De ezelin zag Mij en ging Mij driemaal uit de weg. Had zij dat niet gedaan, dan had Ik u gedood en haar in leven gelaten.'
Toen zei Balaäm tot den engel van Jahweh: Ik heb gezondigd; ik wist immers niet, dat gij op de weg voor mij stondt. Als het u dus niet behaagt, keer ik terug.
Bileam zei tot de engel van Jahwe: `Ik heb verkeerd gedaan. Ik wist immers niet, dat Gij tegenover mij op de weg stond. Als Gij vindt, dat ik verkeerd doe, dan ga ik terug.'
Maar de engel van Jahweh zei tot Balaäm: Ga met die mannen mee, doch spreek slechts, wat Ik u zeg. Toen ging Balaäm met de vorsten van Balak mee.
Maar de engel van Jahwe zei tot Bileam: `Ga met die mannen mee, maar zeg alleen wat Ik u zeggen zal.' Zo ging Bileam met de afgezanten van Balak mee.
Zodra Balak hoorde, dat Balaäm in aantocht was, trok hij hem tegemoet tot Ar-Moab, dat aan de Arnon ligt, aan de uiterste grens van het land.
Toen Balak hoorde dat Bileam in aantocht was, ging hij hem tegemoet tot de stad in Moab die aan de uiterste rand van het gebied van de Arnon lag.
En Balak zei tot Balaäm: Heb ik u niet dringend laten ontbieden?
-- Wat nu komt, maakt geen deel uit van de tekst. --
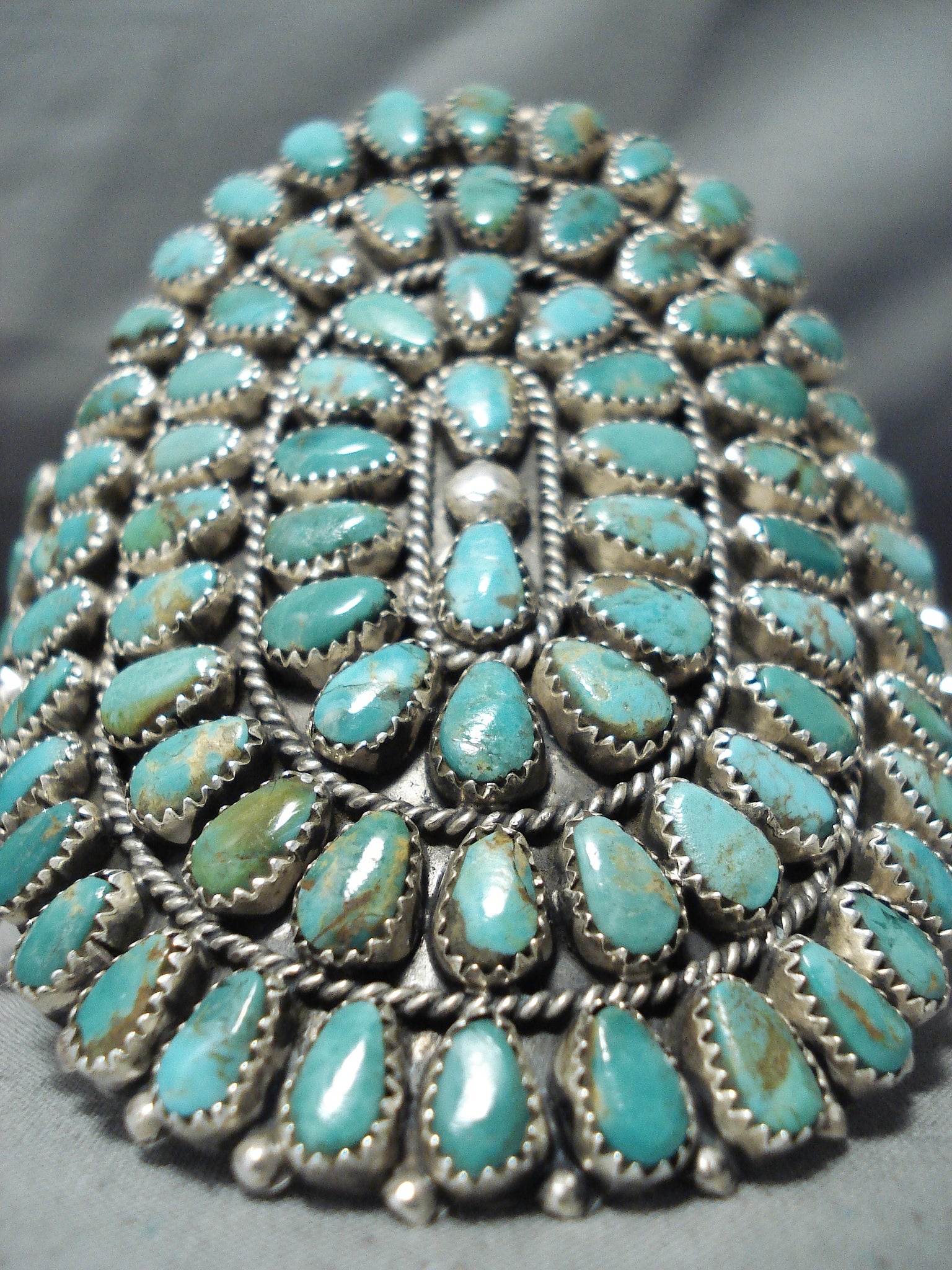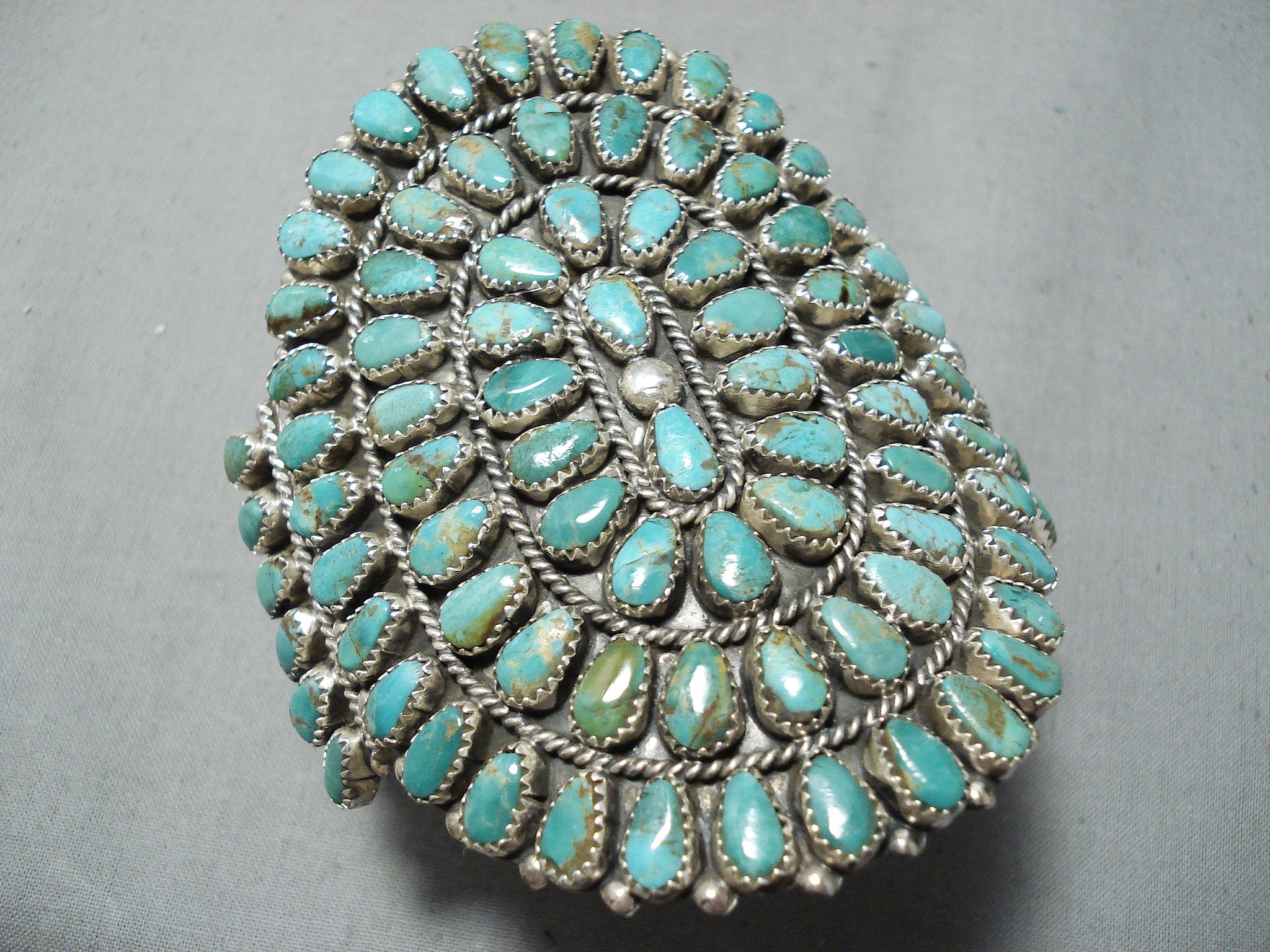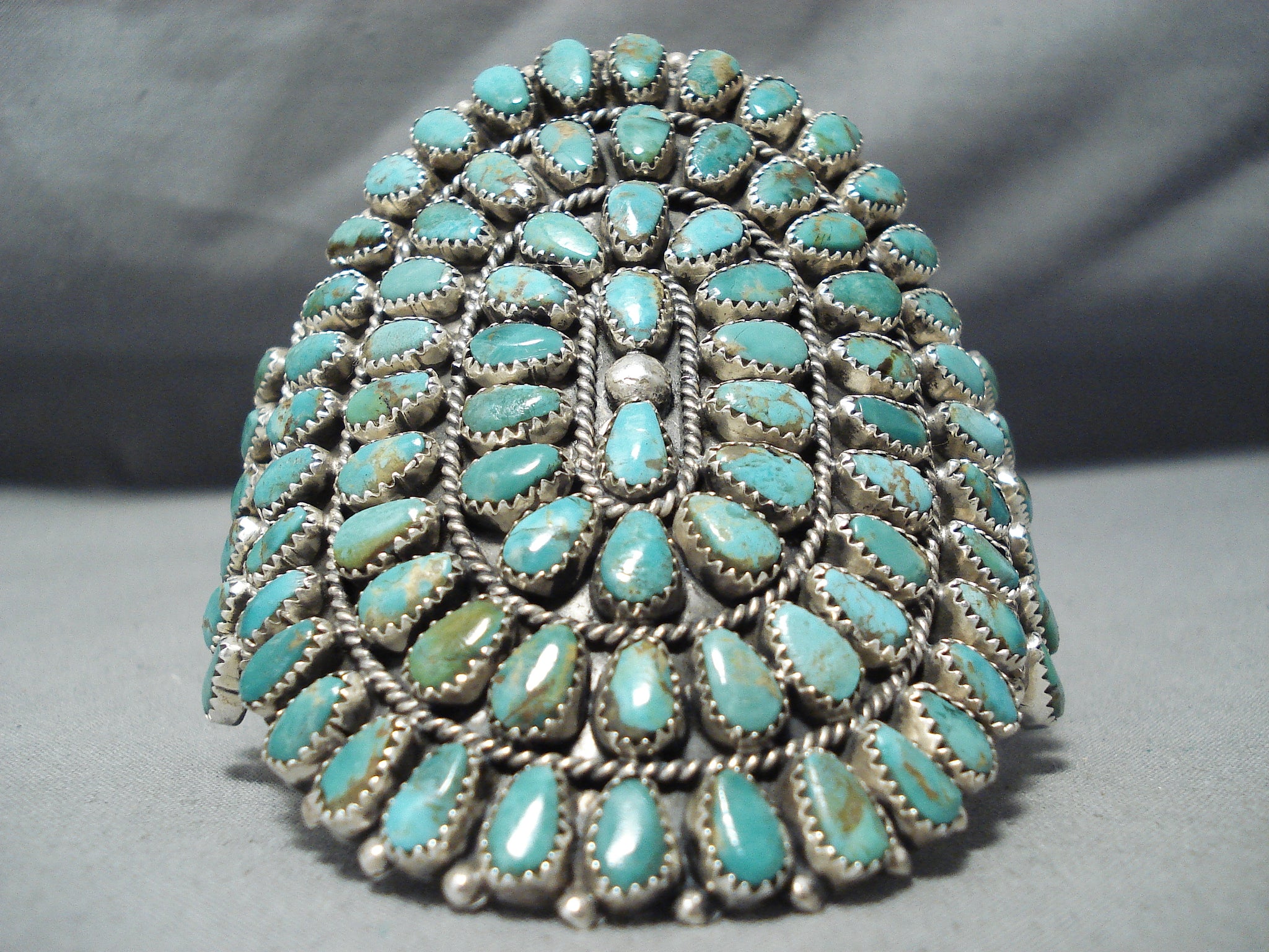 Enormous Native American Navajo Royston Turquoise Cluster Sterling Silver Bracelet
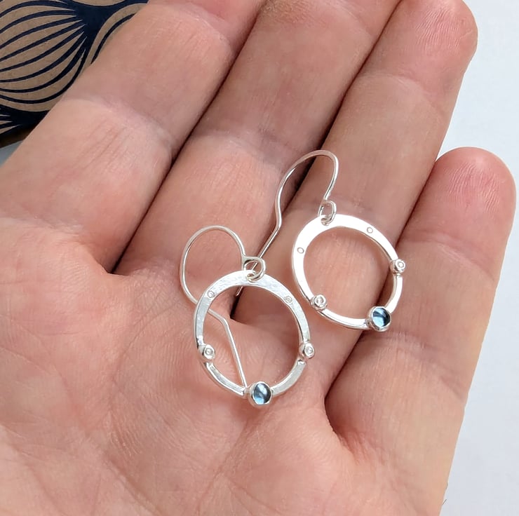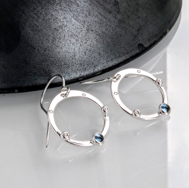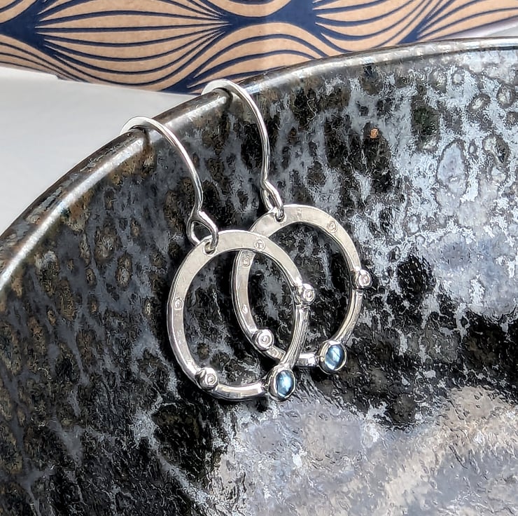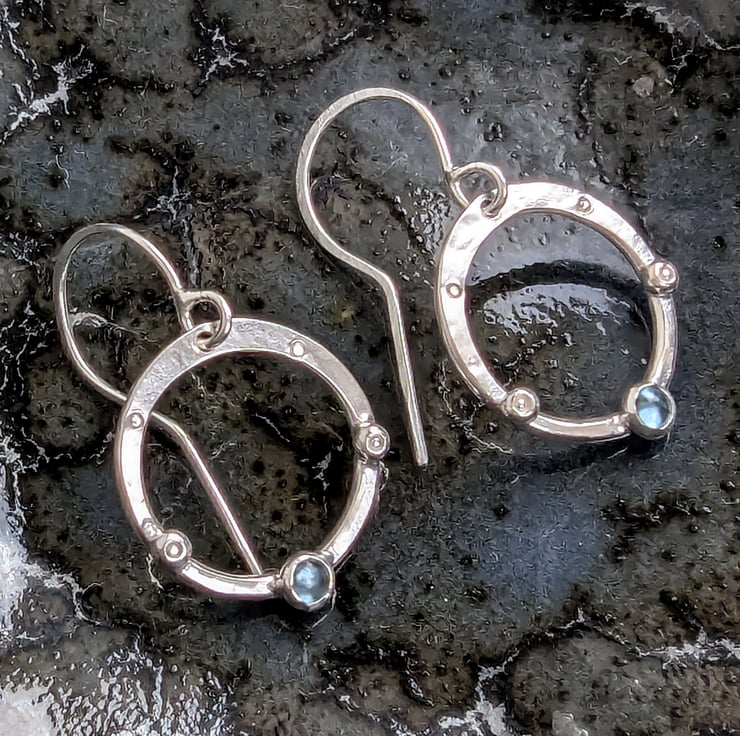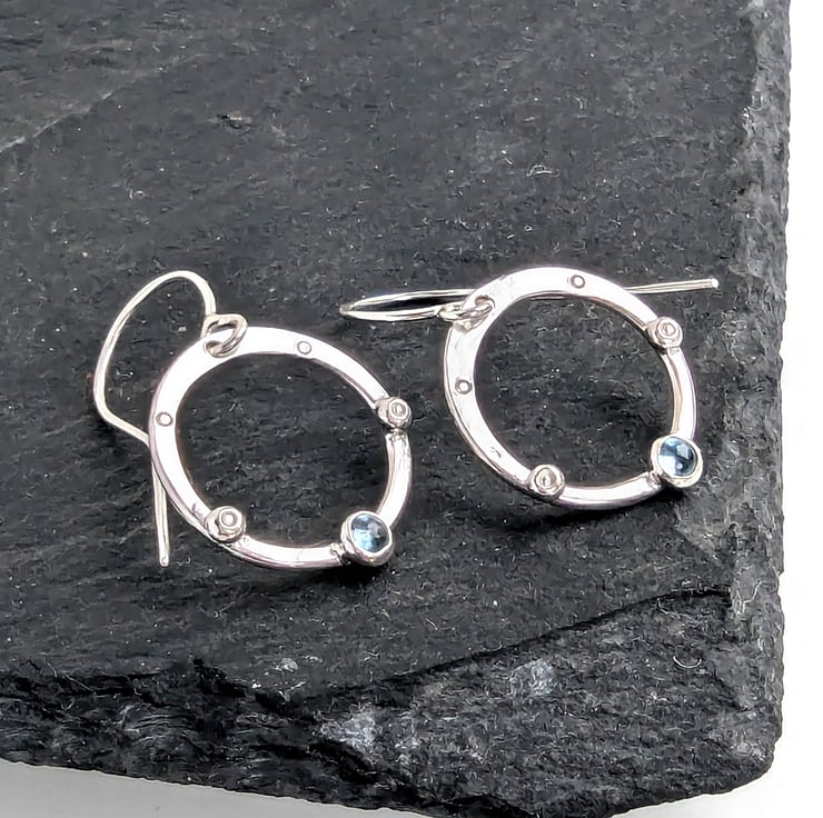 Small hammered 15 mm mis shaped hoops with 2 rivet designs and little 3 mm London Blue Topaz at the bottom of hoops
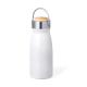 Bidón térmico de doble capa con original estilo y 350 ml de capacidad. Cuerpo en acero inox con tapón de seguridad a rosca en acero inox, con detalle en madera y asa integrada. Disponible en variada gama de colores. Presentado en caja individual de diseño eco en cartón kraft.
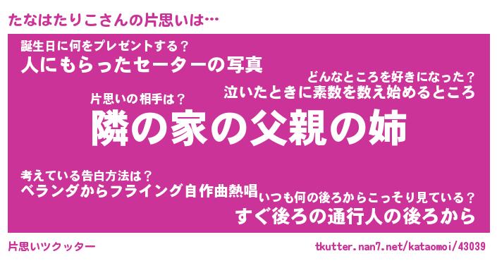 | 胡散臭い通販商品みたいなあだ名 | 『必ず成功する水晶球…その名も「たなはたりこ」』 |
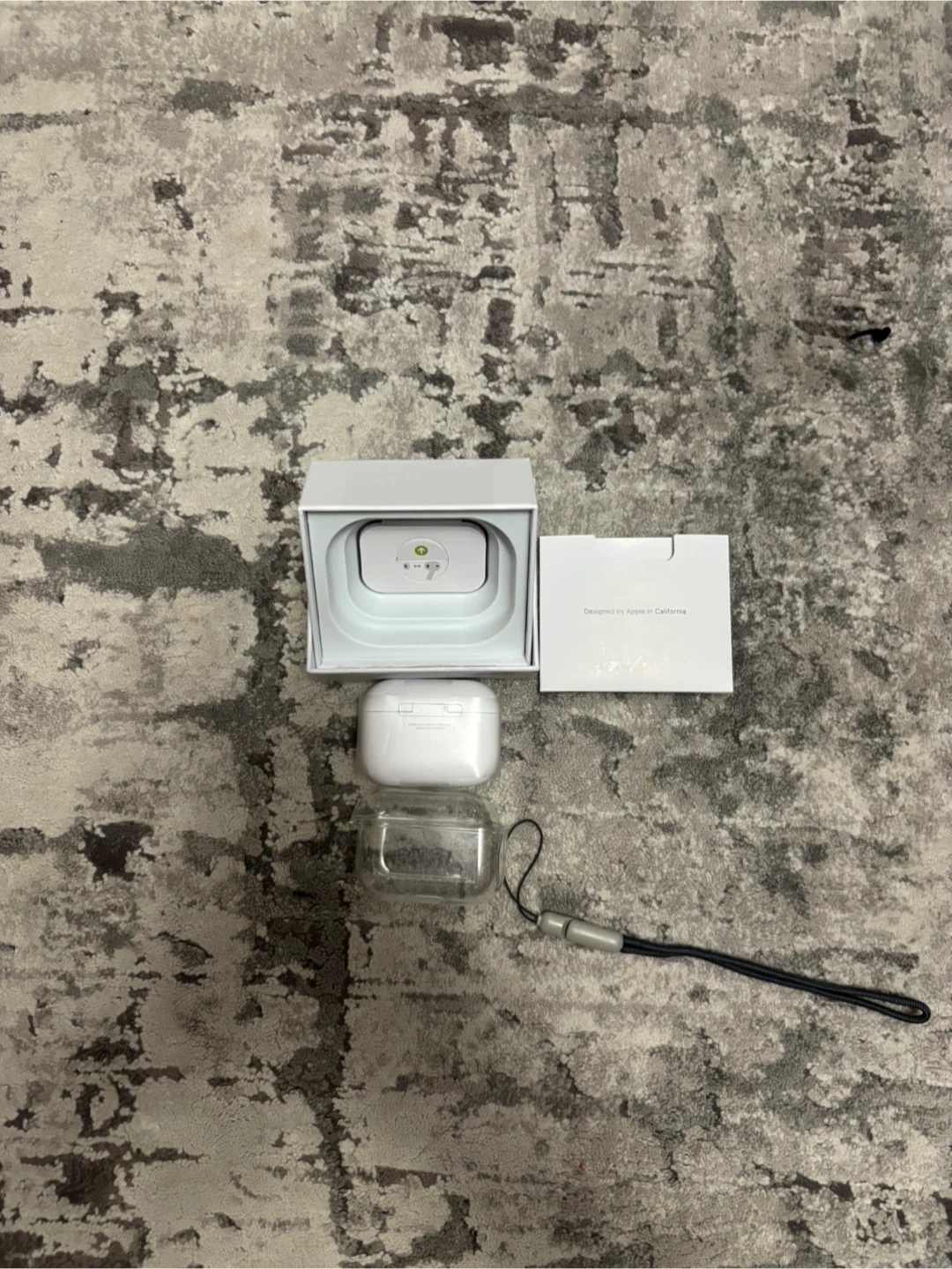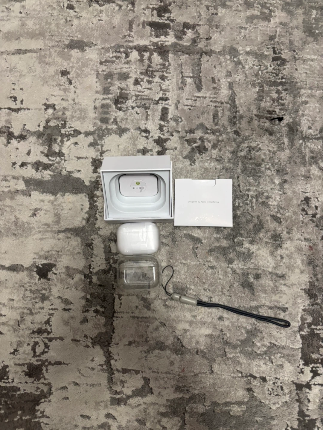 These are the Apple AirPods Pro (3rd generation) with a MagSafe charging case. They come with a clear protective case and a lanyard. Includes extra ear tip sizes (XS, S, M, L) for a customizable fit. Designed by Apple in California.
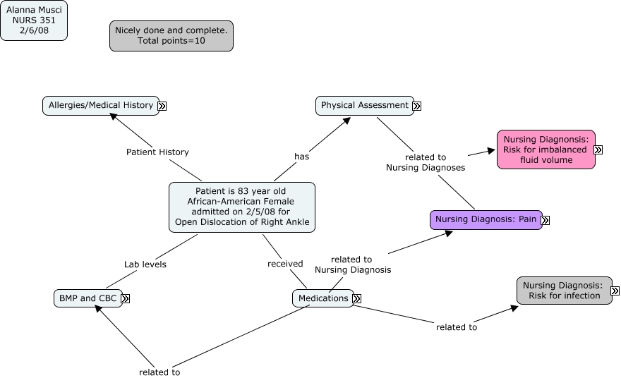 This Concept Map, created with IHMC CmapTools, has information related to: Acute Care 2.6.08, Patient will remain free of infection and demonstrate techniques to reduce risk. Interventions Monitor vital signs q shift, looking for increase in temp initially, Assess skin around dressing for signs of infection: warmth, color outcome Skin assessent within normal limits. No signs of infection., Assessment Vital Signs Temp:37.1 C Pulse: 60 Resp: 20 B/P: 118/66 O2: 98%/NC Pain: 4-5/10 R ankle (4 mg morphine at 1245), Assessment G/I Bowel Sounds present x 4 quad Awaiting BM since surgery, abdomen soft, non-distended, Assess for edema. outcome No edema BUE and none noted on Left foot; Right foot wrapped in cast unable to assess, but patient was able to wiggle toes and cap refill was brisk, Monitor vital signs per shift outcome Patient vital signs stayed witin normal limits, Review labs to monitor changes in elecrtolytes outcome Patient BMP within normal limits except increased K, increased Glucose, increased Cr - (could be related to decreased urine output) Patient CBC showed decreased Hct and Hgb, Cefazolin IVPB 2g in 50ml D5 q8h at 2100 administer to Prevent infection after surgery of Right ankle, Reposition patient q2h to promote comfort and relieve pressure interventions Administered 10mg oxycodone/650 mg acetaminophen at 1800 because patient IV had been discontinued and unable to give Morphine IV, Offer patient fluids qhour outcome Patient intake was adequate, but I could have offered more, Patient will remain free of infection and demonstrate techniques to reduce risk. Interventions Administer antibiotic cefazolin prophylactic per order, checking dose, route, time of drug, Pain related to right ankle internal fixation as evidenced by patient verbalization of 5-7/10 pain throughout shift. Expected Outcome Patient will verbalize decrease in pain to acceptable level below 4/10., Cefazolin IVPB 2g in 50ml D5 q8h at 2100 related to Nursing Diagnosis: Risk for infection, Reassess pain level 30min-1h after medication administered outcome Patient pain increased to a 7/10 after 1900., Held/DC Medications related to High levels of: Potassium Creatinine Glucose, Physical Assessment related to Nursing Diagnoses Nursing Diagnosis: Pain, Assessment Cardiac Apical Pulse regular Radial pulse +2 Bil Femoral pulse +2 Bil Dorsalis Pedis +2 Left Post Tibia +2 Left Cast on Right lower leg/ankle Cap refill brisk Warm temperature no numbness or tingling, Administer antibiotic cefazolin prophylactic per order, checking dose, route, time of drug outcome Med given as ordered Patient tolerated med and showed no signs of infection, Monitor output q shift outcome Patient had decreased outputfor shift in relation to input., Administered 10mg oxycodone/650 mg acetaminophen at 1800 because patient IV had been discontinued and unable to give Morphine IV outcome Patient reported initial decrease to 4/10 pain

Waarom kwaamt ge
Balak zei tot Bileam: `Ik had toch gezanten gezonden om u te ontbieden! Waarom bent u dan niet naar mij toe gekomen? Dacht u soms dat ik u niet kon belonen?'
Maar Balaäm antwoordde Balak: Zie, ik ben tot u gekomen, maar ik zal geen ander woord kunnen spreken, dan Jahweh mij in de mond legt!
Maar Bileam zei tot Balak: `Ik ben nu wel naar u toe gekomen, maar ik weet niet, of ik iets zal kunnen zeggen. Wat Jahwe mij in de mond legt, dat zal ik zeggen.'
Balaäm ging met Balak verder, en zij kwamen te Kirjat-Choesot.
Bileam ging met Balak mee en zij kwamen te Kirjat-chusot.
Daar offerde Balak runderen en schapen, en liet er van aan Balaäm brengen en aan de vorsten, die hem vergezelden.
Balak offerde runderen en schapen en liet er stukken van brengen naar Bileam en de aanzienlijke mannen die bij hem waren.
De volgende morgen nam Balak Balaäm met zich mee, en deed hem Bamot-Báal bestijgen, vanwaar hij het volk tot de uiterste rijen kon overzien.
De volgende morgen ging Balak met Bileam de Bamot-baal op, vanwaar hij een deel van het volk kon zien.